# Task input:
══════════

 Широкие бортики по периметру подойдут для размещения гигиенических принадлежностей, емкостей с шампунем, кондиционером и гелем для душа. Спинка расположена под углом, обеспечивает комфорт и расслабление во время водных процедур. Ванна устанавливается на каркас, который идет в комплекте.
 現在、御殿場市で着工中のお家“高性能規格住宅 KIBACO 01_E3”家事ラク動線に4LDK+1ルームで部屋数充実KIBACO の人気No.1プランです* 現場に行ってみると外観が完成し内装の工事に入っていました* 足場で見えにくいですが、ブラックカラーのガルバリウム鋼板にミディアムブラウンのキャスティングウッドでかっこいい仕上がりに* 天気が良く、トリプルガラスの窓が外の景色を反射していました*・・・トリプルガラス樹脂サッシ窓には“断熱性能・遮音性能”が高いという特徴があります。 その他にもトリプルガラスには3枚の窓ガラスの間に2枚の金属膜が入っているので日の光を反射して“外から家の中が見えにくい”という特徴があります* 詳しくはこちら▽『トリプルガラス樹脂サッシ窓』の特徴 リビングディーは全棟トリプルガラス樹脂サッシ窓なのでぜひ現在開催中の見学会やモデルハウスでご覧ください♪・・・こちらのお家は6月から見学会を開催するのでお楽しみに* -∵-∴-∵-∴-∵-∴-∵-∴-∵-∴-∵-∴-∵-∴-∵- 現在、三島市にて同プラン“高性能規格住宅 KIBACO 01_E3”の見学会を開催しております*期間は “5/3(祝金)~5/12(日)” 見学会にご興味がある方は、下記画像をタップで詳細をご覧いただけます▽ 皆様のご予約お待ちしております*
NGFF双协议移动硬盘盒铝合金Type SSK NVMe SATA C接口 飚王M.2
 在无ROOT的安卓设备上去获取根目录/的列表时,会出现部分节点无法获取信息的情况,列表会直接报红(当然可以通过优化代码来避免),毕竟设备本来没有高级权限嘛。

══════════

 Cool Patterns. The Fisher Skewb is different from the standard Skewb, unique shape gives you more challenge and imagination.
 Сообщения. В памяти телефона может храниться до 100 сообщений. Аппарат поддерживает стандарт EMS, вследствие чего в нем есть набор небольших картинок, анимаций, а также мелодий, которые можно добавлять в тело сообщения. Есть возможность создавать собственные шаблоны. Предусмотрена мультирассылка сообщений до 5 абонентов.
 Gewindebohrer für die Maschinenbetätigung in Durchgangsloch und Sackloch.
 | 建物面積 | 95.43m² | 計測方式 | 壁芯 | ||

══════════

# Problem description:
Copy back the listing above exactly, but only from the line with "Широкие бортики по" through the line with "在无ROOT的安卓设备上去获", both ends included.

# Task response:
 Широкие бортики по периметру подойдут для размещения гигиенических принадлежностей, емкостей с шампунем, кондиционером и гелем для душа. Спинка расположена под углом, обеспечивает комфорт и расслабление во время водных процедур. Ванна устанавливается на каркас, который идет в комплекте.
 現在、御殿場市で着工中のお家“高性能規格住宅 KIBACO 01_E3”家事ラク動線に4LDK+1ルームで部屋数充実KIBACO の人気No.1プランです* 現場に行ってみると外観が完成し内装の工事に入っていました* 足場で見えにくいですが、ブラックカラーのガルバリウム鋼板にミディアムブラウンのキャスティングウッドでかっこいい仕上がりに* 天気が良く、トリプルガラスの窓が外の景色を反射していました*・・・トリプルガラス樹脂サッシ窓には“断熱性能・遮音性能”が高いという特徴があります。 その他にもトリプルガラスには3枚の窓ガラスの間に2枚の金属膜が入っているので日の光を反射して“外から家の中が見えにくい”という特徴があります* 詳しくはこちら▽『トリプルガラス樹脂サッシ窓』の特徴 リビングディーは全棟トリプルガラス樹脂サッシ窓なのでぜひ現在開催中の見学会やモデルハウスでご覧ください♪・・・こちらのお家は6月から見学会を開催するのでお楽しみに* -∵-∴-∵-∴-∵-∴-∵-∴-∵-∴-∵-∴-∵-∴-∵- 現在、三島市にて同プラン“高性能規格住宅 KIBACO 01_E3”の見学会を開催しております*期間は “5/3(祝金)~5/12(日)” 見学会にご興味がある方は、下記画像をタップで詳細をご覧いただけます▽ 皆様のご予約お待ちしております*
NGFF双协议移动硬盘盒铝合金Type SSK NVMe SATA C接口 飚王M.2
 在无ROOT的安卓设备上去获取根目录/的列表时,会出现部分节点无法获取信息的情况,列表会直接报红(当然可以通过优化代码来避免),毕竟设备本来没有高级权限嘛。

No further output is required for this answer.